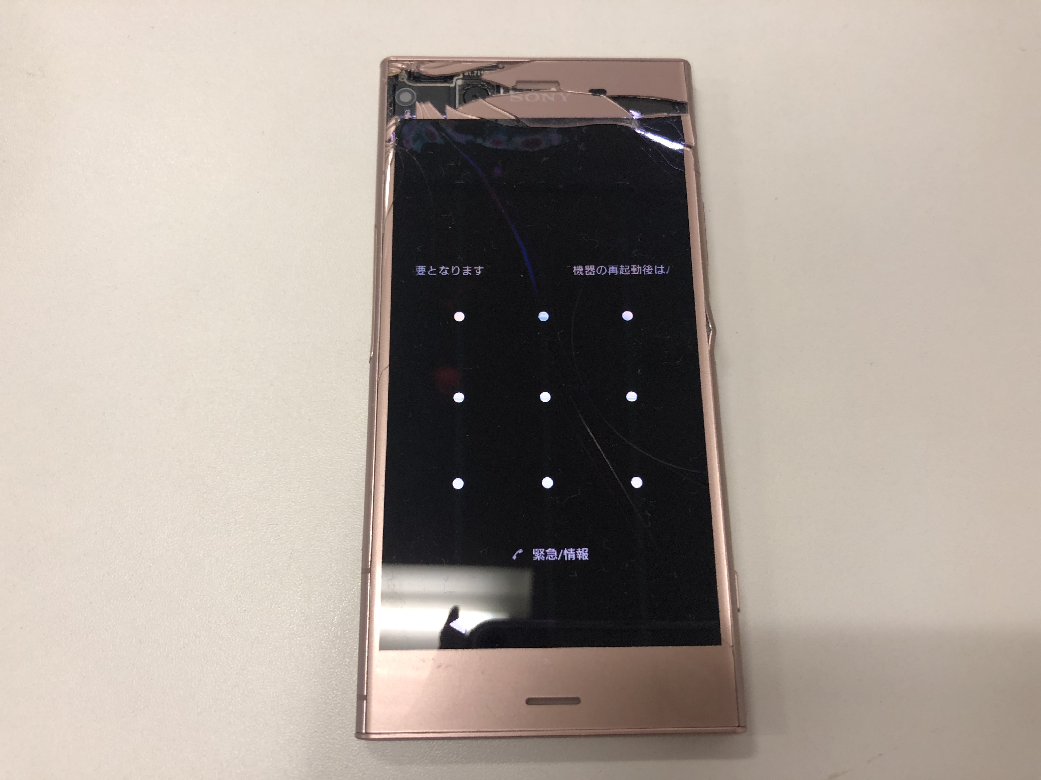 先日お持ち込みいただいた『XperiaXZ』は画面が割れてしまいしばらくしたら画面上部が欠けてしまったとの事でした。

• • •

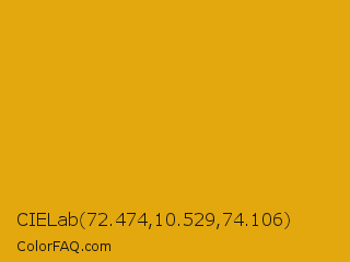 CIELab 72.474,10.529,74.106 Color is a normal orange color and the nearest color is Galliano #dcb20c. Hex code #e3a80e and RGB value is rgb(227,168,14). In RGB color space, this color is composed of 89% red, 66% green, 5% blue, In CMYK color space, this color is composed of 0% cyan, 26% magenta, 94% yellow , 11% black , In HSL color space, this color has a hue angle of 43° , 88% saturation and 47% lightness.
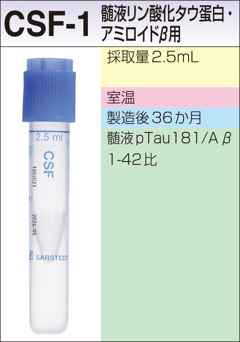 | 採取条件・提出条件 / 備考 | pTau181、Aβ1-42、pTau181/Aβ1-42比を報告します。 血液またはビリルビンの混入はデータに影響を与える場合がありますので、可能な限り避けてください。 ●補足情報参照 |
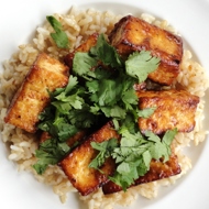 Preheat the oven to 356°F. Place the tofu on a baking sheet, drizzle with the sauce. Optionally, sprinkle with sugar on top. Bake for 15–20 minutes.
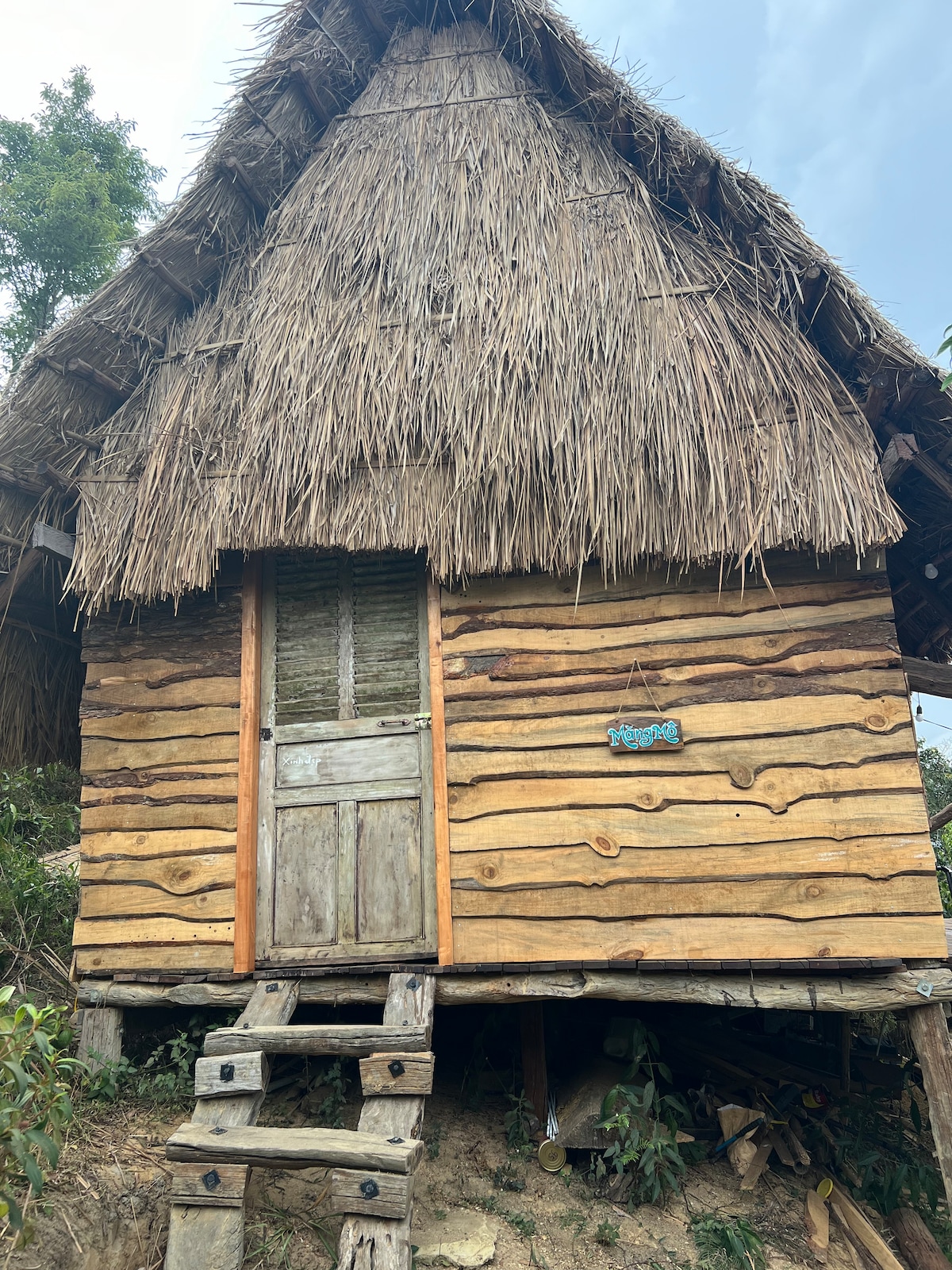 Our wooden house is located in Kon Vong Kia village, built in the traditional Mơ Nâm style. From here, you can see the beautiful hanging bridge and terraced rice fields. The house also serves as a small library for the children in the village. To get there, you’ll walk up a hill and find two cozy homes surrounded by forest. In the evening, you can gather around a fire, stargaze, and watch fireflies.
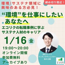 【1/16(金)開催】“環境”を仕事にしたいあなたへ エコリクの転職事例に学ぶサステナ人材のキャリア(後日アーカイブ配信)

• • •

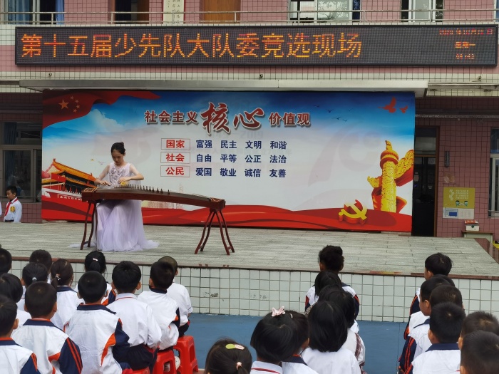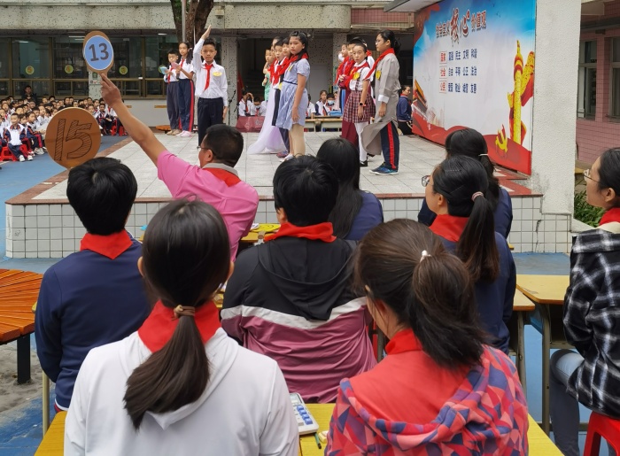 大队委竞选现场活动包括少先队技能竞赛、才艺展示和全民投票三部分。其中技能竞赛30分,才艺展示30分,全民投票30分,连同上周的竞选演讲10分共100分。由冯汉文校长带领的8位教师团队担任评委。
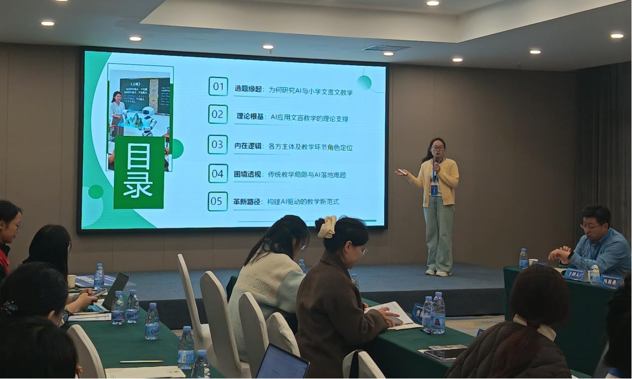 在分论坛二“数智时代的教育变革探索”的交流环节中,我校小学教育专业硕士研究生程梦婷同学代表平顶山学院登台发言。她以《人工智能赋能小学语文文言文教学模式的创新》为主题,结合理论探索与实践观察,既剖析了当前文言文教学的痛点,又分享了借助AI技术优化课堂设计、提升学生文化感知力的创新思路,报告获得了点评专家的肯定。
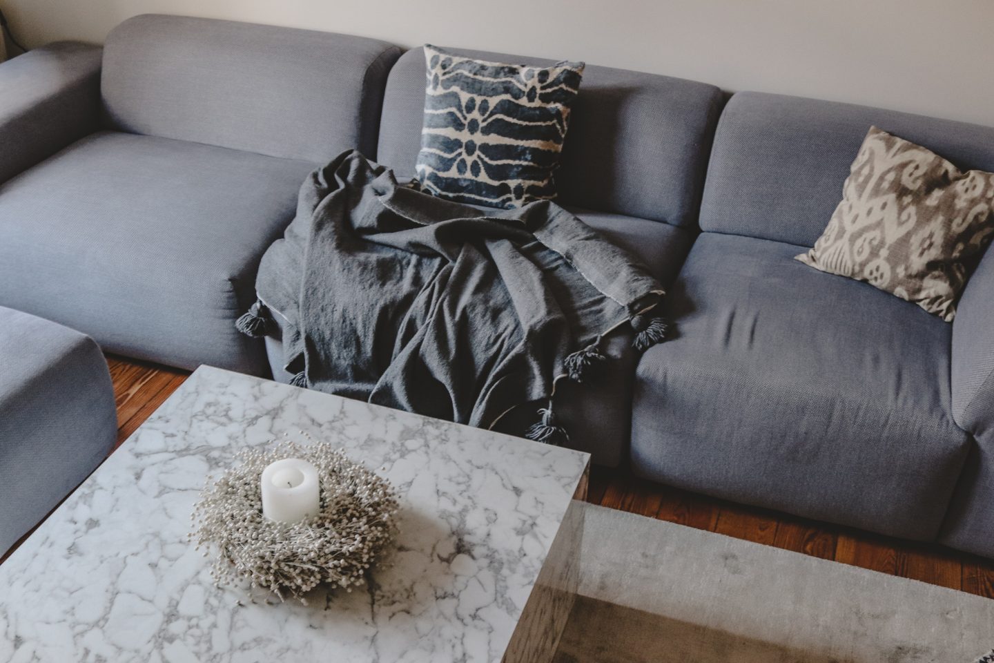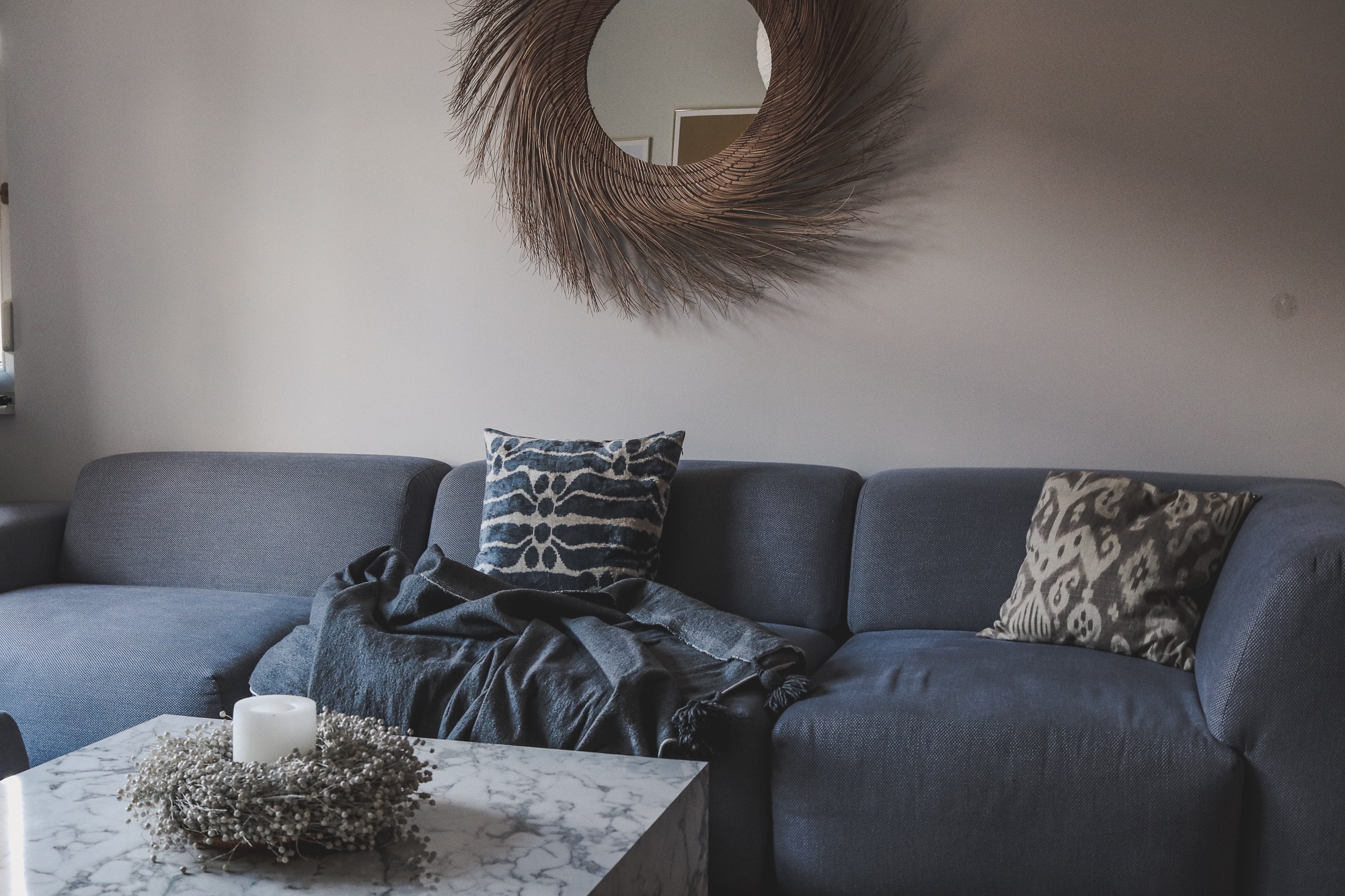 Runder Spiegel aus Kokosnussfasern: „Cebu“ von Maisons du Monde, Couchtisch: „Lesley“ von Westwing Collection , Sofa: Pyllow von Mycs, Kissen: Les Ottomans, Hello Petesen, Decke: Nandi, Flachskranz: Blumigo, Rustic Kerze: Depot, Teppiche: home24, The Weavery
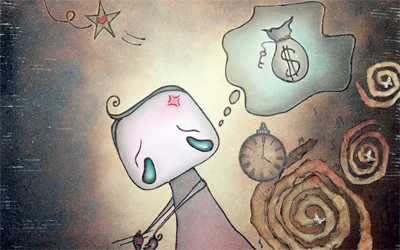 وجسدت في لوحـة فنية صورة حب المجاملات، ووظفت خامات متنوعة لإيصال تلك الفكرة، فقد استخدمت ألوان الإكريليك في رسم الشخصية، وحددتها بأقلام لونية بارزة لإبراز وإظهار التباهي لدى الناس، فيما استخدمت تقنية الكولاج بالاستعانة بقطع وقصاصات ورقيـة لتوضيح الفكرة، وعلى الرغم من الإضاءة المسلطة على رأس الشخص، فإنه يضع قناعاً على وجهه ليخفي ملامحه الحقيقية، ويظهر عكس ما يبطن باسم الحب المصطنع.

• • •

#### Task prompt
Take the lines above starting at the one containing "大队委竞选现场活动包括少先队" and ending at the one containing "وجسدت في لوحـة", and print them again exactly, without pictures.

#### Response
 大队委竞选现场活动包括少先队技能竞赛、才艺展示和全民投票三部分。其中技能竞赛30分,才艺展示30分,全民投票30分,连同上周的竞选演讲10分共100分。由冯汉文校长带领的8位教师团队担任评委。
 在分论坛二“数智时代的教育变革探索”的交流环节中,我校小学教育专业硕士研究生程梦婷同学代表平顶山学院登台发言。她以《人工智能赋能小学语文文言文教学模式的创新》为主题,结合理论探索与实践观察,既剖析了当前文言文教学的痛点,又分享了借助AI技术优化课堂设计、提升学生文化感知力的创新思路,报告获得了点评专家的肯定。
 Runder Spiegel aus Kokosnussfasern: „Cebu“ von Maisons du Monde, Couchtisch: „Lesley“ von Westwing Collection , Sofa: Pyllow von Mycs, Kissen: Les Ottomans, Hello Petesen, Decke: Nandi, Flachskranz: Blumigo, Rustic Kerze: Depot, Teppiche: home24, The Weavery
 وجسدت في لوحـة فنية صورة حب المجاملات، ووظفت خامات متنوعة لإيصال تلك الفكرة، فقد استخدمت ألوان الإكريليك في رسم الشخصية، وحددتها بأقلام لونية بارزة لإبراز وإظهار التباهي لدى الناس، فيما استخدمت تقنية الكولاج بالاستعانة بقطع وقصاصات ورقيـة لتوضيح الفكرة، وعلى الرغم من الإضاءة المسلطة على رأس الشخص، فإنه يضع قناعاً على وجهه ليخفي ملامحه الحقيقية، ويظهر عكس ما يبطن باسم الحب المصطنع.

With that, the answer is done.